MATERIALS PROVIDED:
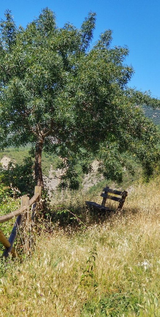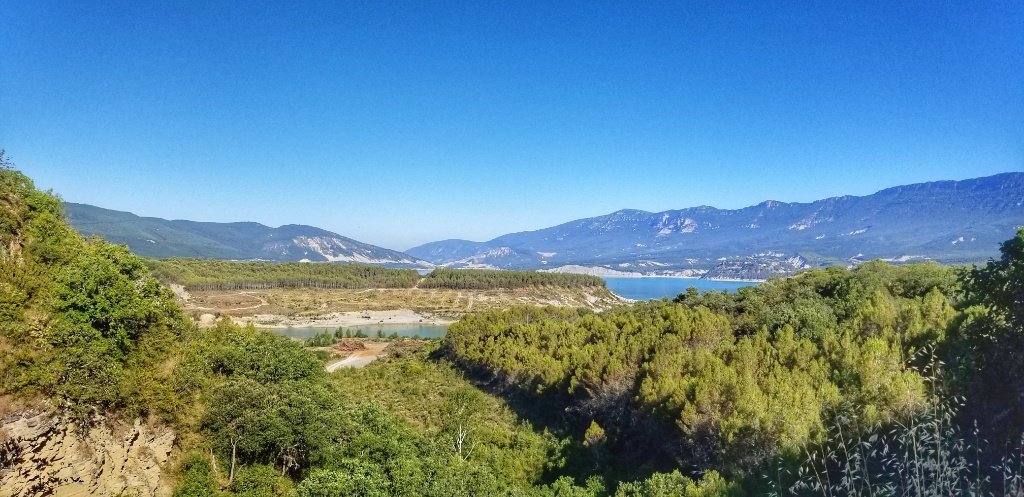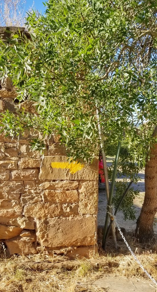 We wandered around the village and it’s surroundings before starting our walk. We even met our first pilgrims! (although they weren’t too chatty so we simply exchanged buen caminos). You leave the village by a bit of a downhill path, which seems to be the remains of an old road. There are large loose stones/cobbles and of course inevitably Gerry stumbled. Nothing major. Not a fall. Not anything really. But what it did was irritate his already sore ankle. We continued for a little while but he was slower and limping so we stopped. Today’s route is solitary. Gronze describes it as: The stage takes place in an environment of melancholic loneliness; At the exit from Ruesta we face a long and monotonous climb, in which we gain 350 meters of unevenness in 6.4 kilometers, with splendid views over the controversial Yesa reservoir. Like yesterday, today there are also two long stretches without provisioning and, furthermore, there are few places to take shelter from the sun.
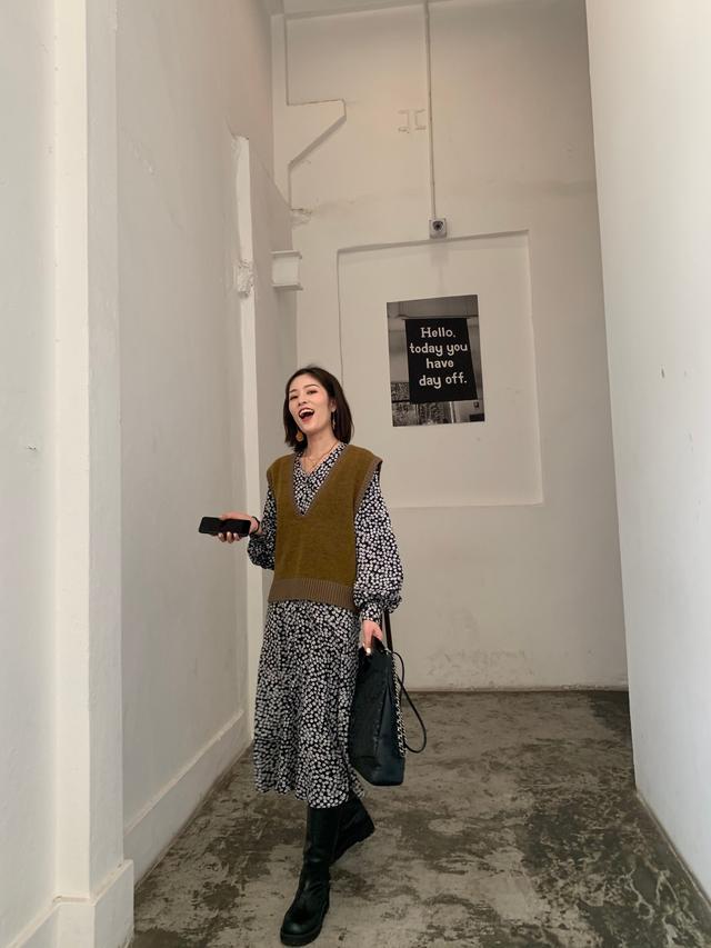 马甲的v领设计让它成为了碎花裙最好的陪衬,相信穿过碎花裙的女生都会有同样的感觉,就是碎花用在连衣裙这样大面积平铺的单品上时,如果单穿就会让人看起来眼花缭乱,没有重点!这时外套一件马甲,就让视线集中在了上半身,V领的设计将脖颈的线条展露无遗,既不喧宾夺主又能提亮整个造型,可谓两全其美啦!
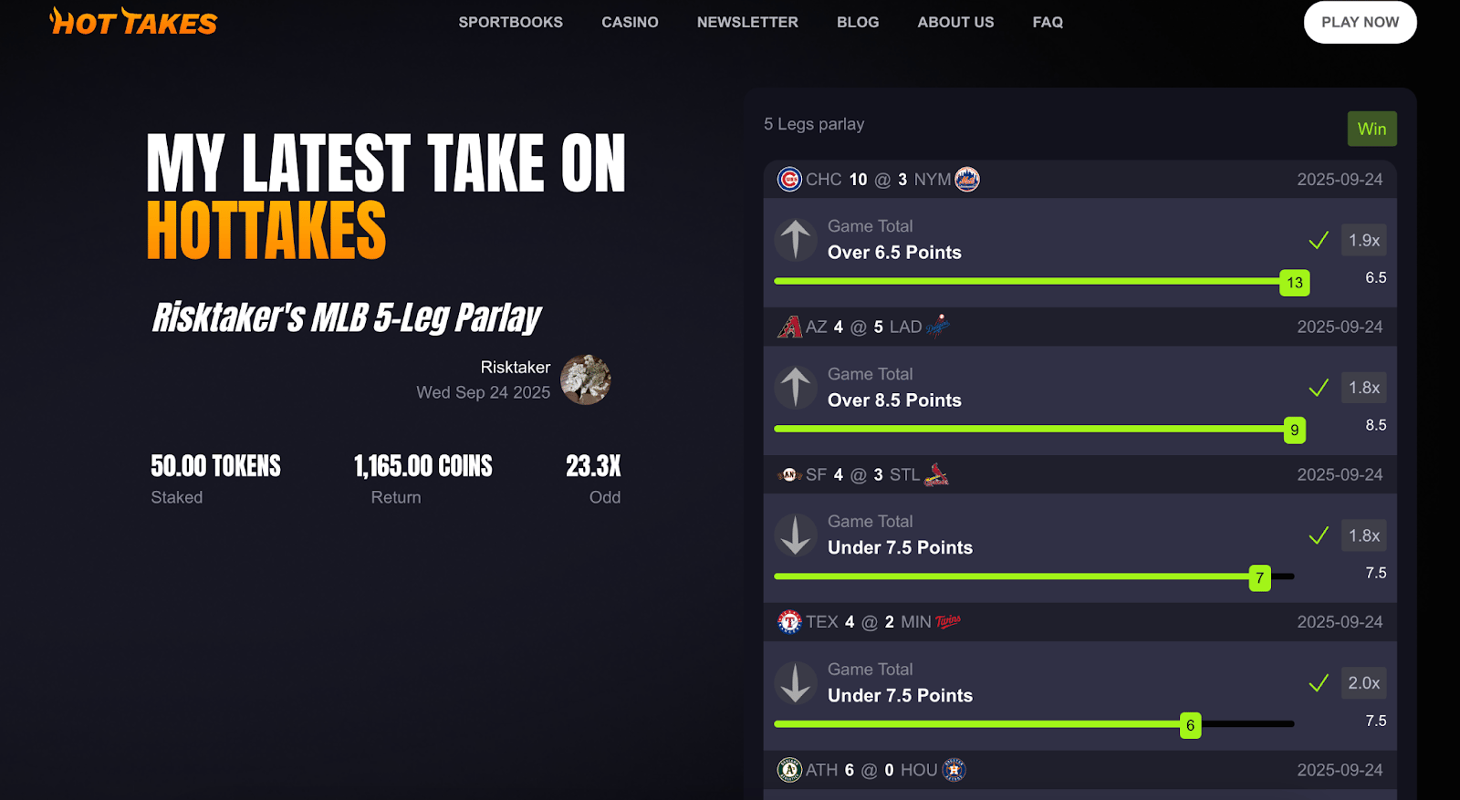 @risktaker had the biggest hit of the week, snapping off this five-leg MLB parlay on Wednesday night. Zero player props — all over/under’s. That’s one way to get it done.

...

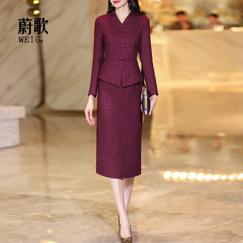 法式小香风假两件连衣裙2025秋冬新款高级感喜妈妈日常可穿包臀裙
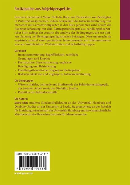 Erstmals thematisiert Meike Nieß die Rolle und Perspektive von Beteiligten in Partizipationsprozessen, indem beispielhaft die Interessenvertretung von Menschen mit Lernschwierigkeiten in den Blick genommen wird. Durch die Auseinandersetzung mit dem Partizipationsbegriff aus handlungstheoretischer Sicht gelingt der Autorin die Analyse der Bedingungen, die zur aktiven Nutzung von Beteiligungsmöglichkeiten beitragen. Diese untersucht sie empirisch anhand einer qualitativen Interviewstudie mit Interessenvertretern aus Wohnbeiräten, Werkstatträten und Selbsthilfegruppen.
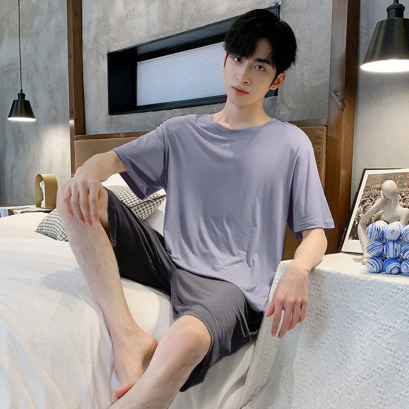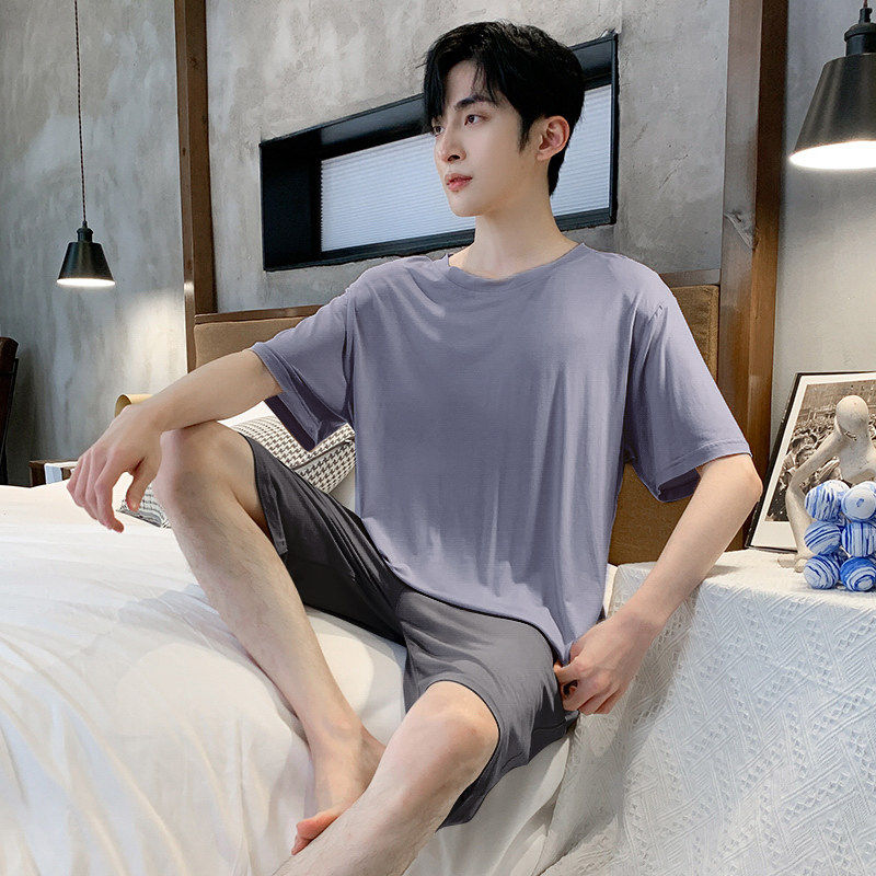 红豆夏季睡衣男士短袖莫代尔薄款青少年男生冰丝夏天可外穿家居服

WORK INSTRUCTION: In the listing above, find the line containing "马甲的v领设计让它成为了碎花" and the line containing "get it done.". Print those two lines and every line between them exactly, with no pictures.

COMPLETED TASK:
 马甲的v领设计让它成为了碎花裙最好的陪衬,相信穿过碎花裙的女生都会有同样的感觉,就是碎花用在连衣裙这样大面积平铺的单品上时,如果单穿就会让人看起来眼花缭乱,没有重点!这时外套一件马甲,就让视线集中在了上半身,V领的设计将脖颈的线条展露无遗,既不喧宾夺主又能提亮整个造型,可谓两全其美啦!
 @risktaker had the biggest hit of the week, snapping off this five-leg MLB parlay on Wednesday night. Zero player props — all over/under’s. That’s one way to get it done.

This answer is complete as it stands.